You have corrupted my patch so that now it does not handle the subpage
case.

Also, it's not safe to use data from chip->oob_poi if
oob_required==false.

> +					if (ret <= chip->ecc.strength) {

It's preferable if we don't have to duplicate the ecc.strength check
here and inside nand_verify_erased_page(). Huang and others have pointed
out that ecc.strength is not the best threshold, so I'd like to keep
this "threshold" defined in exactly one place.

> +						/* it's an erased-page */
> +						mtd->ecc_stats.failed =
> +								ecc_failures;
> +						memset(bufpoi, 0xff,
> +								mtd->writesize);
> +					} else {
> +						pr_warn("found uncorrectable bit-flips\n");
> +						ret = 0;
> +					}
> +				}
> +			}
>  			if (ret < 0) {
>  				if (!aligned)
>  					/* Invalidate page cache */
> @@ -1554,6 +1615,7 @@ read_retry:
>  				break;
>  			}
>  
> +
>  			max_bitflips = max_t(unsigned int, max_bitflips, ret);
>  
>  			/* Transfer not aligned data */

Anyway, I have already heard comments from several people (including
you), but you have only addressed some of them in your version of my
patch. Please, let me send my own patches, and you can provide your
feedback there.

If you want to do several patch iterations with performance comparisons
(NOT against patches that are performing unsound optimizations, like
[2]), then post a summary email with links to the patches you test
(e.g., with and without the "break early" checks; with hweight8() vs.
hweight_long(); etc.). You don't have to formally submit every patch you
test for performance, as this adds confusion. You could place them on
github, for instance, and we can integrate feeback based on the best
approach.

Brian
pekon gupta - March 18, 2014, 6:23 a.m.
Hi Brain,


>From: Brian Norris [mailto:computersforpeace@gmail.com]
>>On Fri, Mar 14, 2014 at 06:58:20PM +0530, Pekon Gupta wrote:
>>> From: Brian Norris <computersforpeace@gmail.com>
>>
>>
>> *changes v1 -> v2*
>> Tried optimizing for performance by making following updates
>>  - *read_data and *read_oob passed as arguments to nand_verify_erased_page()
>>    to avoid re-reading the page from device chip->ecc.read_page_raw()
>
>This is not valid for all drivers. See the 'oob_required' parameter to
>read_page(). This means that if we can't verify for sure that it's
>uncorrectable without looking at the OOB, we have to re-read to include
>the OOB.
>
Ok.. But then your v1 patch does not, work as-it-is with OMAP NAND driver.
I think the problem is same as that of GPMI driver, there is difference in
Page layout when using ecc.read_page_raw() and ecc.read_page().

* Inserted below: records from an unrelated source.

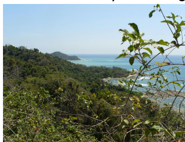
Bild från ett 30 m högt vattenfall i Karen Mogensen Reservatet till vänster, samt från utkiksplatsen ovan St. Miguel i Cabo Blanco till höger.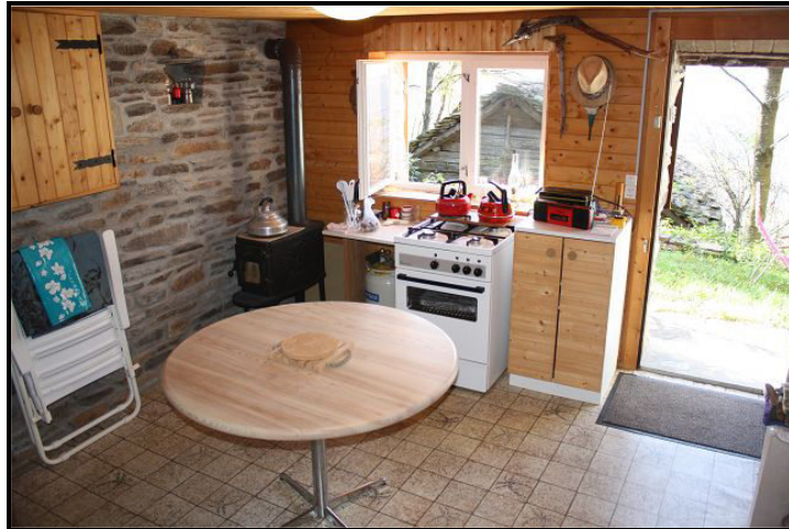
Soggiorno / pranzo / cucina / Wohn-/Essraum mit Küche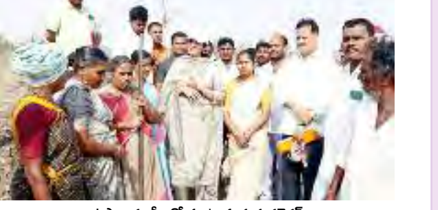
ఉపాధి కూలీలతో మాట్లాడుతున్న కలెక్టర్

■ కూలీల సంఖ్య పెంచేలా చర్యలు తీసుకోవాలి ■ ఉదయం 5:30 గంటలకే పనికి హాజరై, ఎండ తీవ్రత పెరిగేలోపు తిరిగి ఇంటికి వెళ్లాలి ■ నారాయణపేట జిల్లా కలెక్టర్ సీహెచ్ ప్రియంక నారాయణపేట, మే 23 ప్రభాతవార్త: నారాయణపేట జిల్లా ఉట్కూర్ మండల కేంద్ర సమీపంలో కొనసాగుతున్న ఉపాధి హామీ పనులను జిల్లా కలెక్టర్ సీహెచ్ ప్రియంక ఆకస్మికంగా తనిఖీ చేశారు. ఉట్కూర్ సమీపంలోని ఫీడర్ ఛానల్ పనుల వద్దకు వెళ్లి కలెక్టర్ అక్కడ పనిచేస్తున్న ఉపాధి కూలీలతో మాట్లాడారు. వేసవి తీవ్రతను దృష్టిలో ఉంచుకుని కూలీలు ఉదయం 5:30 గంటలకే పనికి హాజరై, ఎండ తీవ్రత పెరిగే లోపు తిరిగి ఇంటికి వెళ్లాలని సూచించారు. రోజువారీ కూలీ వివరాలను అడిగి తెలుసుకున్నారు. కూలీలకు కనీస వసతి సదుపాయాలు కల్పించడంతో పాటు తాగునీరు అందుబాటులో ఉంచాలని, తరచూ నీరు తాగాలని ఏపీహెచ్ సూచించారు. ఈ సందర్భంగా కూలీలకు ఓఆర్ఎస్ ప్యాకెట్లను పంపిణీ చేశారు ఉట్కూర్ పెద్ద గ్రామపంచాయతీ కావడంతో ఉపాధి పనులకు కనీసం 150 మంది కూలీలు ఉండేలా చర్యలు తీసుకోవాలని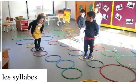
Sauter selon les syllabes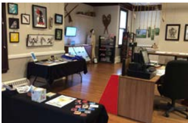
Sipuke'l Gallery, Nova Scotia.

From training a young person to guide visitors through ancient sites, to buying paddleboards, canoes or helping with down-payments on specialized snowmobiles for guests, the Indigenous Tourism Association of Canada's Product Development Fund is making a huge difference for Indigenous tourism operators from coast to coast to coast.

>>  - exit nand_verify_erased_page() as-soon-as bitflips > ecc.strength
>
>Thanks, that's probably good.
>
>>  - using hweightN() only for non-0xff data
>
>I'm not convinced that's a great optimization. I would write the simpler
>version without the 0xff check, then add it if it really makes sense.
>hweightN() is actually a pretty simple computation, and adding extra
>branches might be more harmful than helpful.
>
Yes, I'll try to get number to check this.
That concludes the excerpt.